Meet Shayla, one of our amazing transporters!

Shayla is one of the many amazing people that we work with through our Transfer Program, which helps needy pets from across the state and country get a chance to be adopted. Last year, with the help of people like Shayla, we were able to transfer in 1,937 pets from other shelters, providing each of them with the second chance they needed. Below, Shayla explains in her own words how she became involved in animal rescue and the kinds of issues that pets in her community face:

“I grew up in the Rolla, MO area and it was apparent from the start that I loved animals more than the average kid. My family took in many pets in need over the years, including dogs that a neighbor abandoned, a momma cat who showed up and had kittens, and a couple of rescue horses. So when I got old enough to drive and happened upon a litter of puppies that had been dumped, it was just natural to bring them home and take care of them.

In 2015, after working 15+ years in retail, I decided it was time for a change. I found out about an animal shelter and dog boarding facility in Houston, MO about 45 minutes from me, began volunteering and was later employed there (at TASTC – The Animal Shelter of Texas County and Bark Plaza Pet Boarding). Sadly, due to financial problems, TASTC closed leaving an enormous void of services for homeless pets in need. Shortly after that, Diana’s Grove Dog Rescue (located in the same county) closed as well. There were zero animal rescues or shelters remaining to serve the largest county in Missouri. During my time at TASTC, I had helped transport the overflow of dogs and puppies in need to the APA. They were the lifeline (and still are) that allowed us to help so many pets in need – as such a rural and low populated area had few adopters and was too far from major cities to be convenient for many people to travel to for adoption. Despite being sparsely populated with people, the rural areas of Texas County, MO and the surrounding areas are very densely populated with unwanted dogs and cats due to so many of the residents living below the poverty line and a lack of animal welfare resources such as low-cost spay and neuter.

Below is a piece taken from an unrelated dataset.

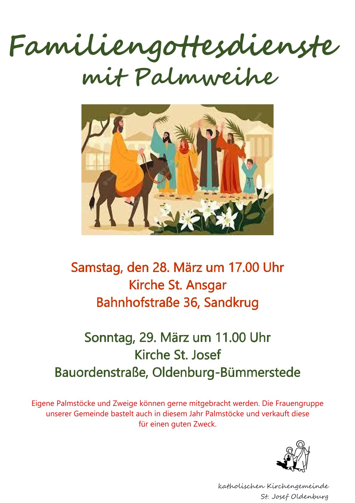 In diesem Jahr feiern wir zwei Familiengottesdienste mit Palmweihe.

Shortly after both organizations closed at the beginning of 2017, a group of concerned people came together to form The Barking Bridge Project, which is the organization that I am part of. Two of the major services that we provide to the communities we serve are low-cost spay/neuter and rescue coordination/transport. The APA has been a vital part of both of those programs – allowing us to help more animals than we otherwise could have. Part of our low-cost spay/neuter program involves working with the Carol House Quick Fix Pet Clinic and the APA and these partnerships have been vital in helping to spay and neuter dogs in those communities who otherwise would not have had the opportunity and would have continued to procreate in the already overpopulated region.

The APA’s transfer program has always been vital to the homeless and unwanted animals in the areas we serve as well. Not including the animals I transported to the APA during my time at TASTC, I have driven more than 1,500 at-risk animals to the APA. They’ve ranged from tiny kittens, cats, rabbits, birds and numerous dogs and puppies. Among all the different circumstances, there were pets whose owners could no longer care for them, animals who were found as strays, those whose time was up in a rural pound and companion animals whose owners moved away and cruelly left them behind. Each one of them was important, every one of them had feelings, and all of them were desperate for a second chance at a good life. The APA provided that and even more for them. The vast majority of the animals we have transported to the APA had never received any veterinary care prior to their arrival. Some suffered from heartworms and the APA provided the life-saving treatment they needed. Many had bullet wounds and infected bite wounds from the harrowing lives they once had. Several were pregnant and sought refuge at the APA and in the homes of so many kind fosters who provided them with the safety and care they needed to nurse their babies under veterinary guidance and away from predators and parasites that they would have otherwise (and many had previously) endured. Dogs with broken limbs were doctored and able to run again, and formerly mistreated animals learned to trust again under the love that the staff and volunteer. Not only did the APA save the lives of hundreds of these animals, but they provided them with quality lives – enriched by humans who love them and spoil them. Many of these pets who once struggled to survive, now live a life of leisure – hopefully forgetting the pasts they were able to escape from. I was asked what my favorite thing about being a transporter was. It’s not the driving all those miles or even seeing so many cute puppies – it’s that after knowing what they’ve been through – I can do my part to help make sure that their tomorrows are so much better than their yesterdays. I am grateful to the APA for being a safe haven to so many pets in need – healing them both physically and emotionally and providing them with loving homes.”

We’re so grateful that we’re able to help pets in the communities where it’s most needed, thanks to wonderful people like Shayla.